C’est avec beaucoup de vitalité que Joseph Gordon-Levitt donne corps à Philippe Petit, il a ce côté juvénile qui sied parfaitement au personnage et se démène avec entrain lors des préparatifs avec ses complices. Car l’expédition est aussi une affaire d’équipe (dont sa petite amie Annie) qui souligne l’importance de la cohésion de personnes qui ont permis à la chimère d’un homme d’aboutir à sa concrétisation. La bonne humeur est ce qui domine avant l’instant fatidique et la réalisation fait de l’aventure quelque chose de très stimulant pour l’œil du spectateur.

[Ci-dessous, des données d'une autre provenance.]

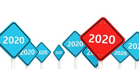 2020 New year symbol on a road sign. 3D illustration
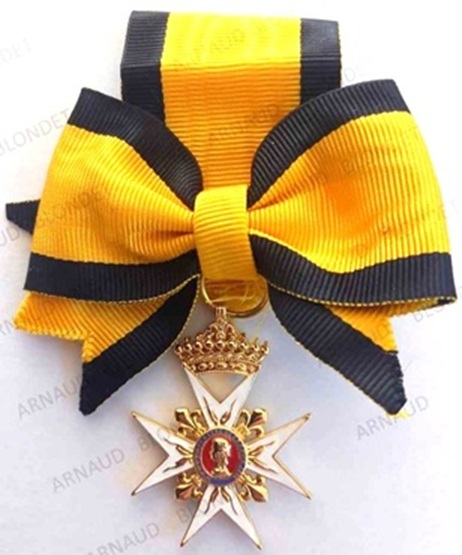 Croix du Chapitre des Chanoinesses de BOURBOURG Ruban : jaune avec un liseré noir sur chaque bord.
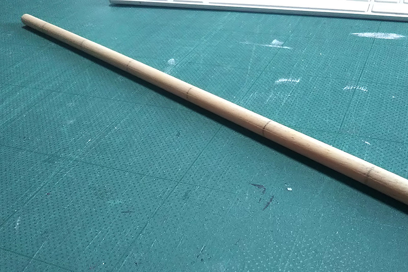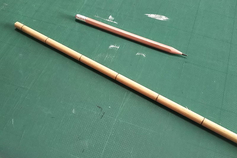 約380mmくらいでカットして、節になる部分に鉛筆で線をいれておきます。
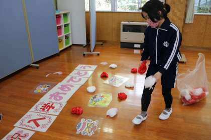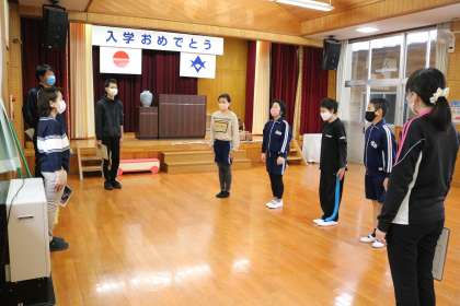 入学式と始業式に向けて、新5・6年生の13名が登校して準備しました。式場は、机やイスの設置、背面の掲示物など準備をしました。
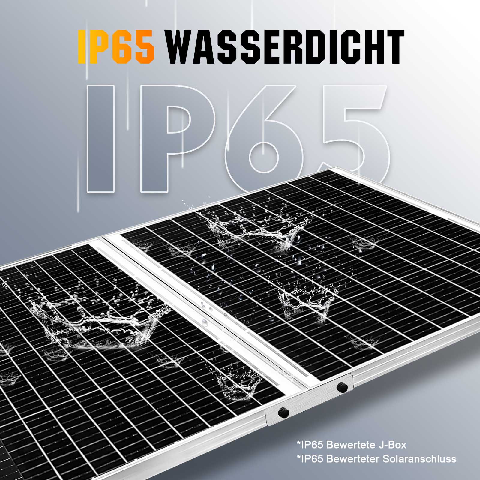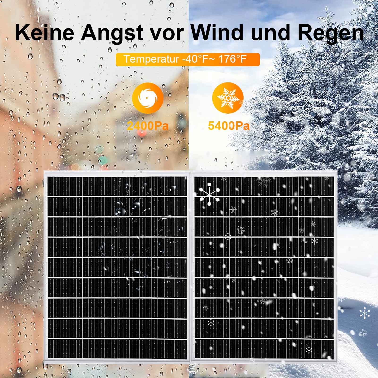 A: Die Betriebstemperatur des Solarmoduls beträgt -20°C-85°C (-4°F-185°F). Um die Lebensdauer des Panels zu verlängern, stellen Sie sicher, dass das Produkt keinen äußeren Kräften/Stößen ausgesetzt wird, wenn es nicht in Gebrauch ist. Das Solarmodul selbst besteht aus Glas und darf nicht fallen gelassen, durchstochen, verbogen oder aufgesessen werden. Diese Einwirkungen können das Glas zerbrechen und das Modul unbrauchbar machen.
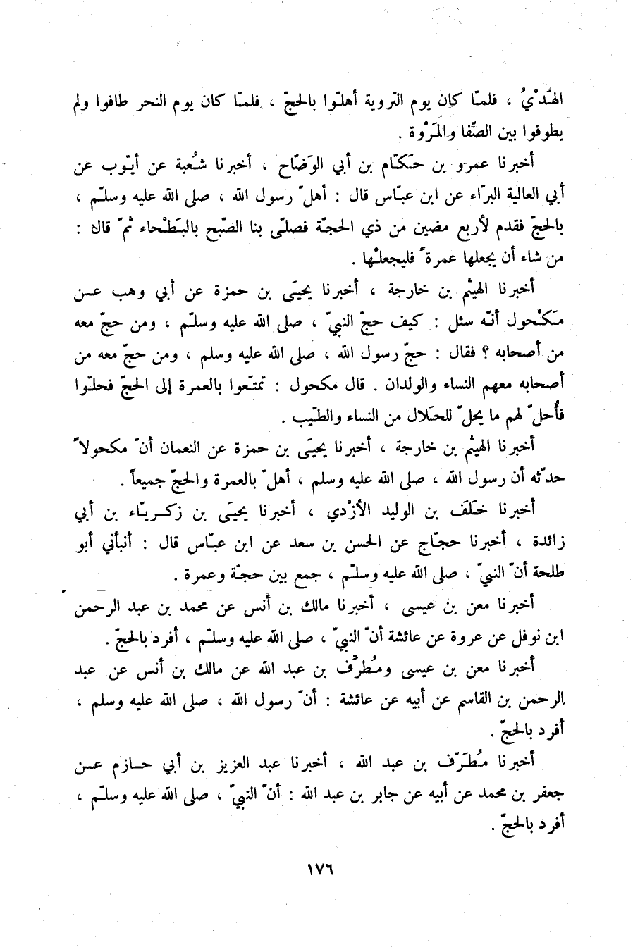 أَخْبَرَنَا مُطَرِّفُ بْنُ عَبْدِ اللَّهِ، أَخْبَرَنَا عَبْدُ الْعَزِيزِ بْنُ أَبِي حَازِمٍ، عَنْ جَعْفَرِ بْنِ مُحَمَّدٍ، عَنْ أَبِيهِ، عَنْ جَابِرِ بْنِ عَبْدِ اللَّهِ: «§أَنَّ النَّبِيَّ صلّى الله عليه وسلم أَفْرَدَ بِالْحَجِّ»
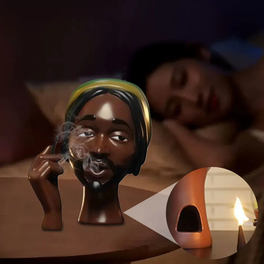 Feature: 1. Black Woman Head Incense Burner: The most unique incense burner that will elevate any space. Simply place an incense cone in the opening at the back of her neck, and watch as the fragrant smoke gently flows from her lips and creates an alluring and calming effect.2. Tranquil Ambiance: This incense holder helps to purify the air, meditate and relax,relieve stress and improve sleep quality. It is recommended to use it in a spacious place. Let the soothing aroma fill your room and create a serene atmosphere. To avoid pungency, please do not smell near burning incense sticks. 3. Premium Quality: Made from high-quality resin materials, our black women face incense stick holder is not only visually appealing but also durable. The exquisite shape and carved patterns make it even more unique and attractive, adding a touch of elegance to your decor. 4. Convenient Maintenance: Our incense burner is designed with practicality in mind. The easy-to-access opening at the bottom makes cleaning a breeze, ensuring that the incense burner remains tidy and organized at all times. 5. Versatile Use: This incense censer is not only a decorative ornament but also a tool for relaxation and aromatherapy. It helps purify the air, promotes meditation and calmness, reduces stress, and improves sleep quality. Suitable for various settings such as living rooms, bedrooms, offices, yoga studios, and more, allowing you to create a magical and peaceful ambiance wherever you desire. Specification: Origin: Mainland China Material: RESIN Hign-concerned Chemical: None Size: 15cm
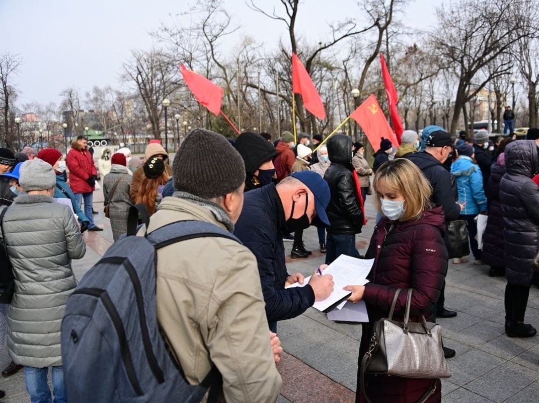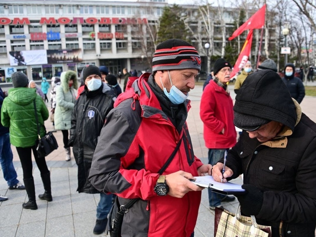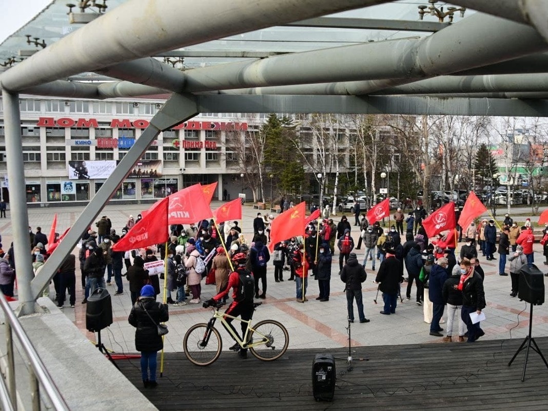 В воскресенье, 21 ноября, у Дома Молодёжи коммунисты Владивостока провели акцию в поддержку А. А. Самсонова, первого секретаря ВГО КПРФ, задержанного по надуманному обвинению.
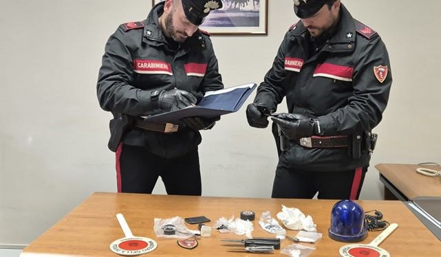 Le verifiche sono proseguite anche nell’abitazione del 40enne, dove i Carabinieri hanno trovato un lampeggiante blu del tipo in uso alle forze di polizia, ritagli in cellophane e ulteriore materiale per il confezionamento delle dosi da immettere sul mercato locale.
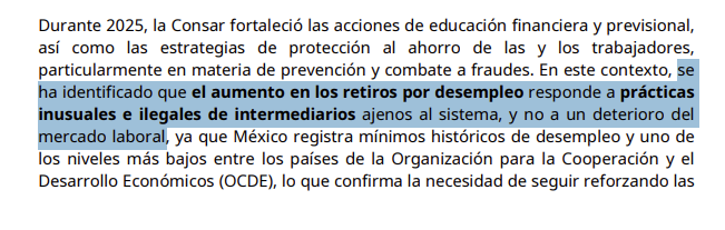 En su reciente informe, Consar indicó que el retiro de ahorro de las Afores no se debe al desempleo, “ya que México registra mínimos históricos de desempleo y uno de los niveles más bajos entre los países de la Organización para la Cooperación y el Desarrollo Económicos (OCDE).
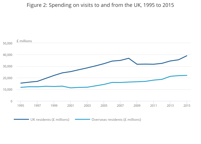 Download this chart Figure 2: Spending on visits to and from the UK, 1995 to 2015
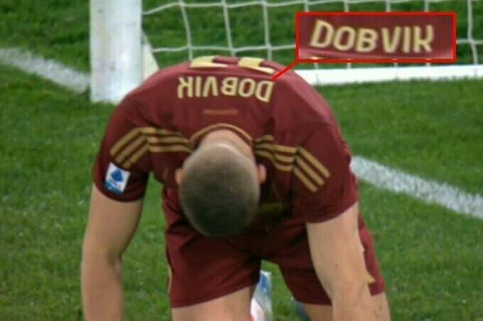 На другий тайм українець вийшов у футболці з неправильно написаним прізвищем. Замість Dovbyk на спині у нападника красувався напис Dobvik.
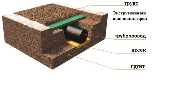 Трубы могут утепляться как сегментами, так и плитами из экструзионный пенополистирола, но так как мы рассматриваем применение защиты от морозного пучения на этапе эксплуатации, то предлагаемое мероприятие заключается в теплоизоляции траншеи нефтепровода (рис. 3.7).
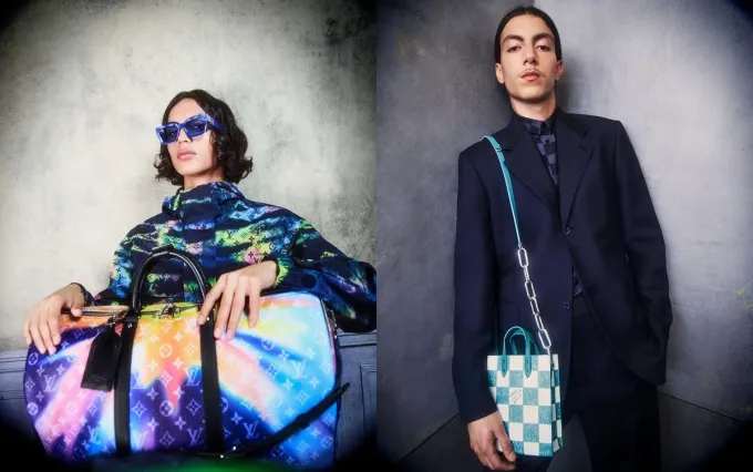 Vícebarevná batika – nová interpretace jednoho z dřívějších potisků Virgila Abloha a klíčový prvek pánských kolekcí Louis Vuitton – se objevuje v podobě designu Monogram Sunset na vzorovaných bundách a košilích s krátkým a dlouhým rukávem. V limitované kolekci, která se skvěle hodí na nadcházející podzim, nechybí kožené bundy s 3D potiskem, mikiny, cargo kalhoty či denimové bermudy. Modely podtrhuje výběr kožených doplňků, včetně populární tašky Keepall, nepostradatelné aktovky Sirius a kabely Trio Messenger. Všechny kousky mají nový šachovnicový vzor v tyrkysové či kouřově šedé barvě. Pokud jde o modely Keepall, Soft Trunk a kufr Horizon, ty jsou vyvedeny v pestrém plátně Monogram Sunset.
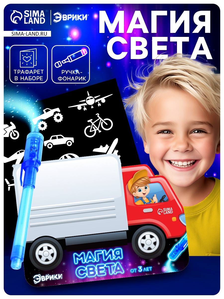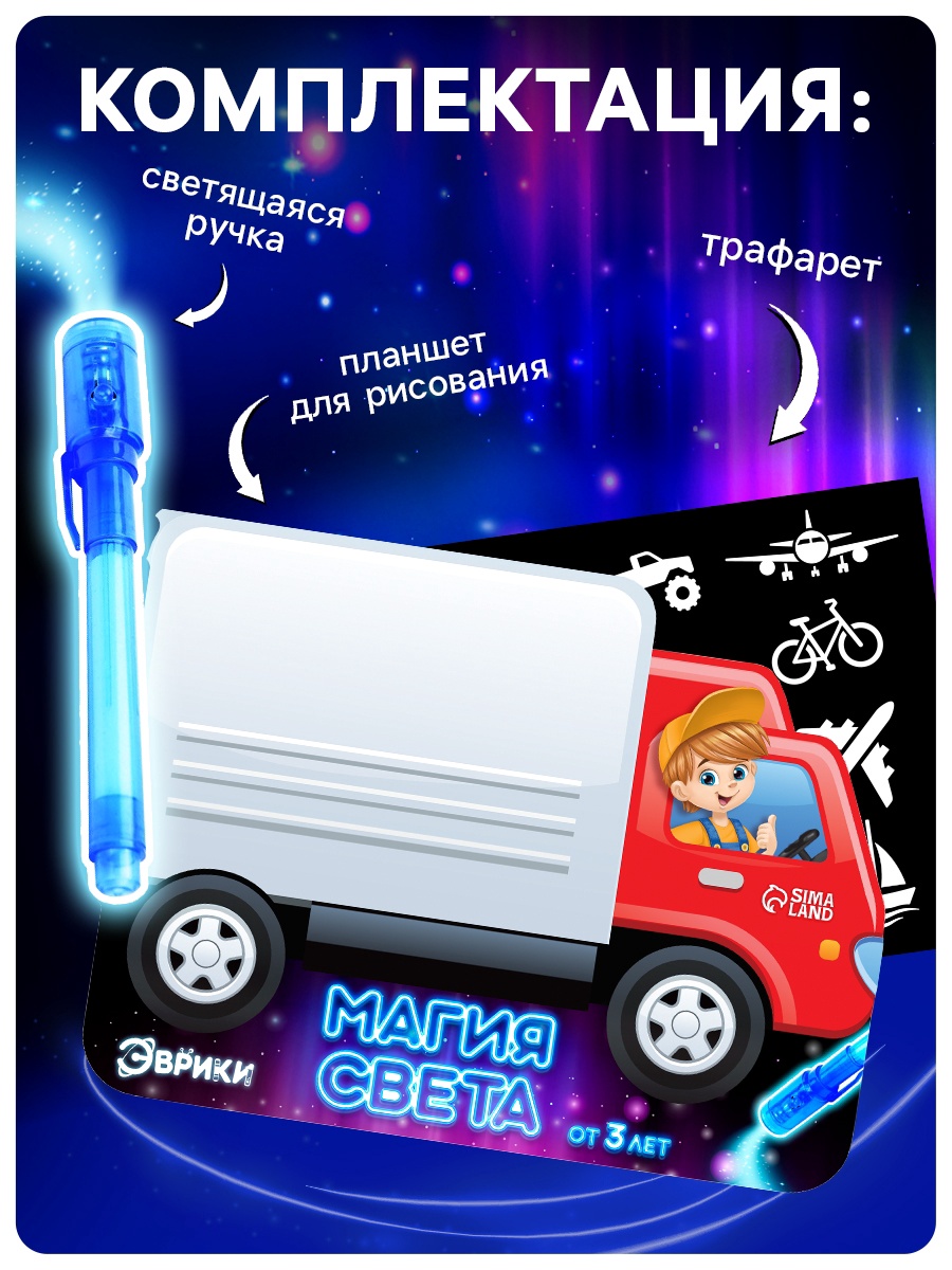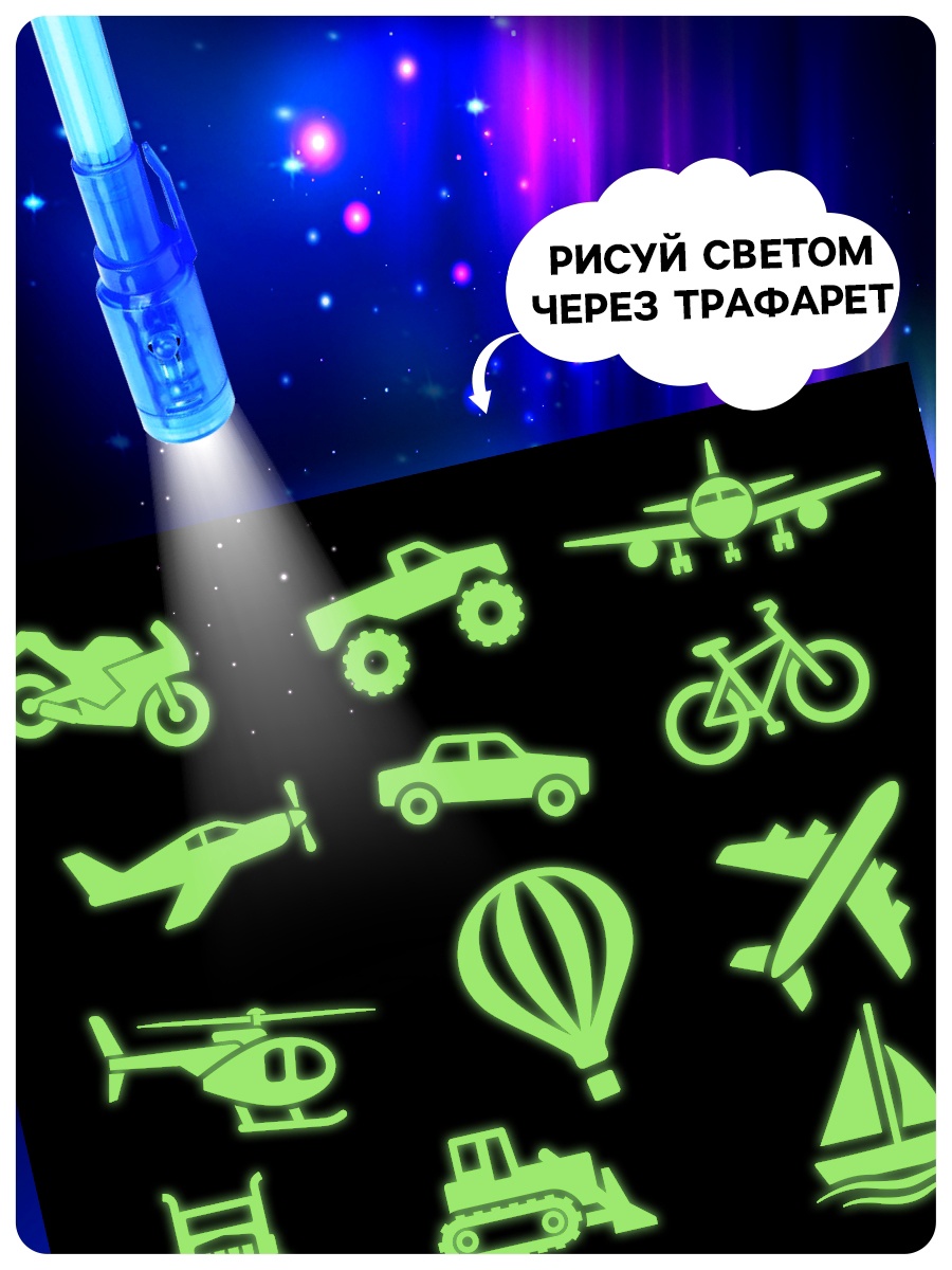 Набор для рисования в темноте «транспорт», а5, ручка с фонариком и невидимыми чернилами

Si Philippe Petit a innové avec sa marche dans les airs, Robert Zemeckis a lui toujours aimé travailler la forme de ses films (Qui veut la peau de Roger Rabbit ? proposait déjà une expérience singulière), il est donc en accord avec le sujet qu’il filme en lui donnant une originalité certaine. De la séquence en noir et blanc tachetée de couleur à la manipulation du temps en attendant le monte-charge jusqu’au moment de bravoure au-dessus du vide, le film se montre créatif. The Walk évite ainsi un écueil : ne faire de ce qui précède l’évènement qu’un prétexte. Au contraire, ce qui a déjà été montré donne plus d’ampleur à la traversée puisqu’elle est attachée à un destin qui trompe la mort : « Pour moi, marcher sur ce fil, c’est la vie ». La sobriété est choisie à juste titre pour cet instant magique, les mouvements de caméra ne sont pas excessifs, quelques notes au piano de la Lettre à Élise de Beethoven effleurent le funambule. Même si la 3D n’est pas native (le film a bénéficié d’une conversion), l’effet produit est spectaculaire et provoque le vertige des sens, Robert Zemeckis donne vie à une prouesse qui n’était jusqu’à lors que témoignages et photographies. La caméra se fait aussi légère que l’homme et place le spectateur au bord du vide mais au cœur du rêve. Ces inimaginables acrobaties soulèvent un émoi, suscitent un émerveillement entretenu par la réalité d’un homme qui fit d’une pensée incroyable un moment de poésie en libre équilibre.